— Exercise material —
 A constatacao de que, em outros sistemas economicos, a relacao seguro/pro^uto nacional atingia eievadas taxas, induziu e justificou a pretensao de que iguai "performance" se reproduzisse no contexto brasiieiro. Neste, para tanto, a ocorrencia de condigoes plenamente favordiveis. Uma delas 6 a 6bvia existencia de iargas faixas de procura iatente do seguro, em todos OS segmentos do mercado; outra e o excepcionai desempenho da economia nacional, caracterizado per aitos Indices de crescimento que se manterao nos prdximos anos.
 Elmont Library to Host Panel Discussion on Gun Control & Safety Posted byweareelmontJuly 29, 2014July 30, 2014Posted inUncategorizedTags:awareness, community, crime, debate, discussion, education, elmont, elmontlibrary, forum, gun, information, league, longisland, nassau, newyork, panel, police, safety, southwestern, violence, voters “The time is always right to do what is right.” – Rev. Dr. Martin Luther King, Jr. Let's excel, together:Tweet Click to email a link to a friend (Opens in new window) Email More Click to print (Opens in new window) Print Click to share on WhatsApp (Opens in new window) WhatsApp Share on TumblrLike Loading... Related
* * *
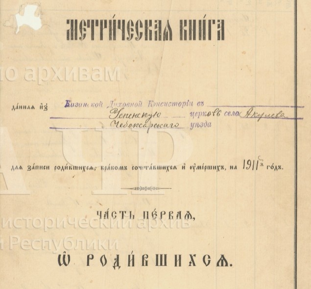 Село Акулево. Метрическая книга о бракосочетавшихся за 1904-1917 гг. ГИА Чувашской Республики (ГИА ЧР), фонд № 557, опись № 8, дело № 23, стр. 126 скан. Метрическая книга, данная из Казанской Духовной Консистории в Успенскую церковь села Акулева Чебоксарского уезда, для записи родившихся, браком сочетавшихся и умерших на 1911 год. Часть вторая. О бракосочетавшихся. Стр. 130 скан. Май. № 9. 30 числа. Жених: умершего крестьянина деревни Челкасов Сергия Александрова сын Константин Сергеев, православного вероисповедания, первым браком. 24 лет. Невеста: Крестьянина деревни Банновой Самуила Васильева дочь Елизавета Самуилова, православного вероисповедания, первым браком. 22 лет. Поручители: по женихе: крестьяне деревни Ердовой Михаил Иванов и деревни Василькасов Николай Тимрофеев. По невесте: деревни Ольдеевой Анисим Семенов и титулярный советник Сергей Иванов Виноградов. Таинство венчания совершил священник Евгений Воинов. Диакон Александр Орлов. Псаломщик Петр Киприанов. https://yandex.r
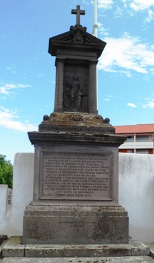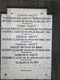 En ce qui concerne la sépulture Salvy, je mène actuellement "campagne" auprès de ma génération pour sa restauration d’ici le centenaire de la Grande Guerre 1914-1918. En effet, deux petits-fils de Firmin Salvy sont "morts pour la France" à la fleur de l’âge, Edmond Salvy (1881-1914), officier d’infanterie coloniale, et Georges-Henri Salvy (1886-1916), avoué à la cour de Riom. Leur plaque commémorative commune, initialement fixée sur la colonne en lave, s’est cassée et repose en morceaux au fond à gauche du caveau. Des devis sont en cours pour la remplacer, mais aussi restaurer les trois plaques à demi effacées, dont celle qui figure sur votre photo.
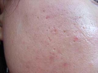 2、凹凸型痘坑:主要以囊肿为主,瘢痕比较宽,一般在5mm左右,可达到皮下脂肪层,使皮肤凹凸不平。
* * *
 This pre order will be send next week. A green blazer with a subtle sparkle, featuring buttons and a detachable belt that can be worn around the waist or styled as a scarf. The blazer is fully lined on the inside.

— Problem details —
In the listing above, find the line with "A constatacao de" and the line with "Elmont Library to"; output exactly those lines and all lines between them.

— Task answer —
 A constatacao de que, em outros sistemas economicos, a relacao seguro/pro^uto nacional atingia eievadas taxas, induziu e justificou a pretensao de que iguai "performance" se reproduzisse no contexto brasiieiro. Neste, para tanto, a ocorrencia de condigoes plenamente favordiveis. Uma delas 6 a 6bvia existencia de iargas faixas de procura iatente do seguro, em todos OS segmentos do mercado; outra e o excepcionai desempenho da economia nacional, caracterizado per aitos Indices de crescimento que se manterao nos prdximos anos.
 Elmont Library to Host Panel Discussion on Gun Control & Safety Posted byweareelmontJuly 29, 2014July 30, 2014Posted inUncategorizedTags:awareness, community, crime, debate, discussion, education, elmont, elmontlibrary, forum, gun, information, league, longisland, nassau, newyork, panel, police, safety, southwestern, violence, voters “The time is always right to do what is right.” – Rev. Dr. Martin Luther King, Jr. Let's excel, together:Tweet Click to email a link to a friend (Opens in new window) Email More Click to print (Opens in new window) Print Click to share on WhatsApp (Opens in new window) WhatsApp Share on TumblrLike Loading... Related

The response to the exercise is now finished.